Há quem pense, escreva e diga que Marcello Caetano é responsável pela sua própria queda e do regime em que se apoiava.
Perante a crescente onda esquerdista que invadiu Portugal nos anos sessenta, Marcello Caetano contemporizou demais com essas forças deletérias do regime e que acabaram por o derrubar em 1974, tomando as rédeas de um PREC inesperado.
Sendo esta tese apelativa para quem gosta de passar culpas, colocando nas vítimas a responsabilidade pelas ofensas sofridas, torna-se difícil de escrutinar se contextualizada no tempo e no modo.
Há contemporâneos de Marcello- até ministros do seu Governo, como Joaquim Silva Pinto- que preferem essa explicação, eventualmente para não assumirem traições pessoais aos que afeiçoaram e há os que não compreendem - é o meu caso- como é que em poucas semanas de 1974 se passou de uma situação política avessa a uma Esquerda totalitária, para uma outra no mínimo contemporizadora com tal solução política, adoptando a linguagem e até a doutrina dos que até pouco tempo antes eram perseguidos policialmente e presos por actividades subversivas contra o Estado.
Esta transição de mentalidades é um mistério, para mim, uma vez que não compreendo como foi possível em tão larga escala e sem obstáculos de oponentes credíveis, a passagem sem transição, de uma mentalidade autoritária ma non troppo, para uma ideologia totalitária sem barreiras.
Será que o que sucedeu em 1975 é explicável pelo que aconteceu entre 1978 e 1974? Não sei, francamente, mas tendo a pensar que não.
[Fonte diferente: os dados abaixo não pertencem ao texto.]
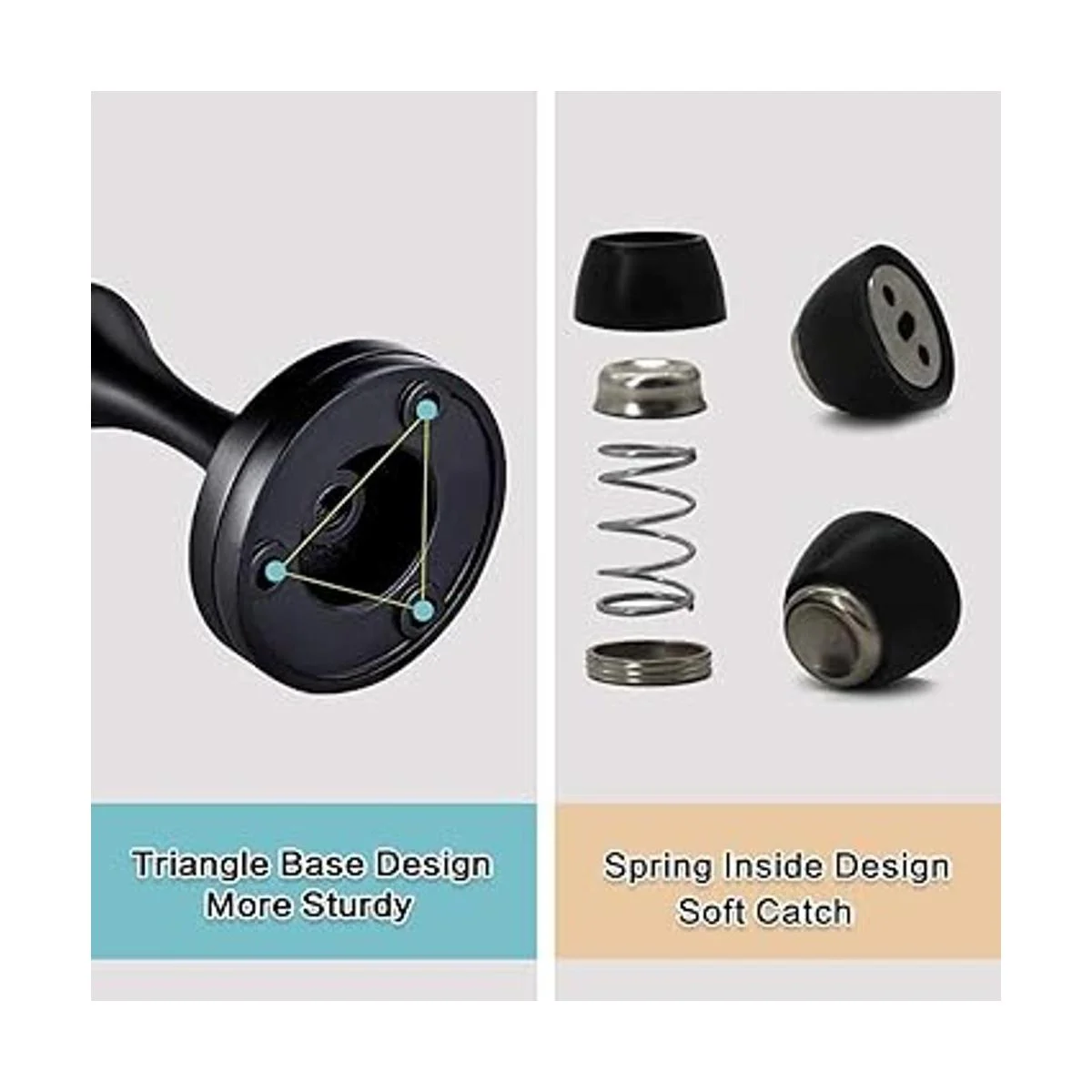 Tecnología de captura suave y diseño triangular estable: con tecnología integrada de puertas de captura suave y exquisito amortiguador de resorte, los topes magnéticos de puerta evitan que la puerta se golpee y se apague, puede detener y sostener las puertas de forma suave y silenciosa. Y la base diseñada en triángulo hace que la puerta sea más resistente y estable.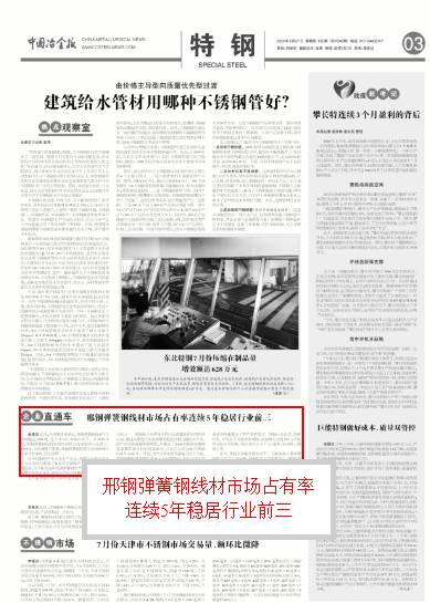 本報訊 近日,從邢鋼傳來消息,邢鋼彈簧鋼線材7月份銷量達(dá)4786噸,是今年初以來最好水平。從2015年起,邢鋼彈簧鋼線材在國內(nèi)市場占有率穩(wěn)居行業(yè)前三。2019年,受環(huán)保限產(chǎn)影響,邢鋼彈簧鋼線材在全國市場占有率為21.19%,居全國第二。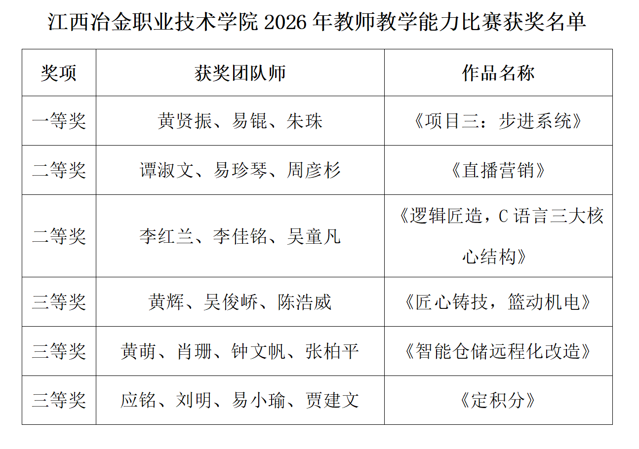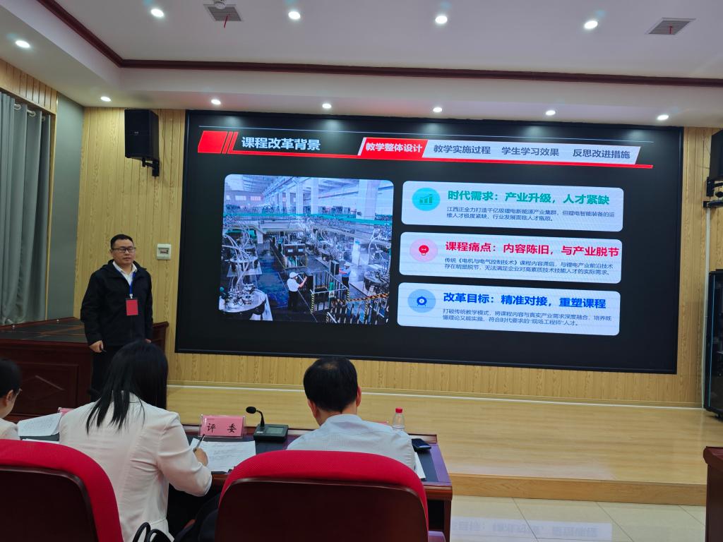 4月17日,在新二实训楼二楼思政大讲堂,学校2026年教师教学能力大赛成功举办。大赛依据江西省职业院校技能大赛工作要求,对标省赛标准,赛出了较高水平,评出一等奖一名、二等奖二名、三等奖三名。黄贤振教师团队获一等奖。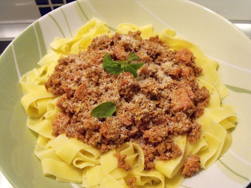 Colocar a carne por cima da massa cozida, polvilhar com os oregãos frescos aos pedaços.

Porém, o regime em que Marcello Caetano vicejava afundou-se de motu proprio uma vez que se torna evidente que não teve ninguém à altura para o defender e ao longo das décadas desapareceram quase todas as pessoas que o poderiam fazer e nunca fizeram.
À parte um punhado de porrugueses que escreveu em jornais marginais e e livros lidos por uma minoria, como Manuel Maria Múrias, nunca apareceu alguém que tivesse a corajem suficiente para se impôr com argumentos sólidos e razoáveis à onda de propaganda comunista e esquerdista que invadiu o país logo a seguir ao 25 de Abril de 1974.
Este mistério, que se prolonga há décadas, carece de ser desvendado.
Assim, para já fica aqui um artigo de Joaquim Silva Pinto publicado no i do passado 21 de Junho, sobre a escolha de Américo Tomás como presidente da República em reeleição que poderia não acontecer e que Marcello Caetano provocou.
Silva Pinto que hoje está próximo da esquerda do PS, tem por Marcello Caetano estima e consideração pessoal, reconhecendo-lhe virtudes e valores que não se coadunam com a habitual chancela de "fascista" que lhe aplicam os mais variados comentadores, turiferários do comunismo e tributários da Esquerda global.
Depois aparece Jaime Nogueira Pinto que no livro Portugal Os anos do Fim ( d.quixote, 2014), escrito no dealbar da Revolução e do PREC, em 1974-75, considera efectivamente que Marcello foi o seu próprio coveiro. JNP, ciente provavelmente do ditado quem muito se agacha o traseiro se lhe vê, parece crente da ideia que Marcello cedeu demasiado a uma Esquerda que o engoliu e provocou não só a queda do regime mas a sua transformação num regime de identidade oposta e tendencialmente totalitário.
Quem saberá dizer melhor?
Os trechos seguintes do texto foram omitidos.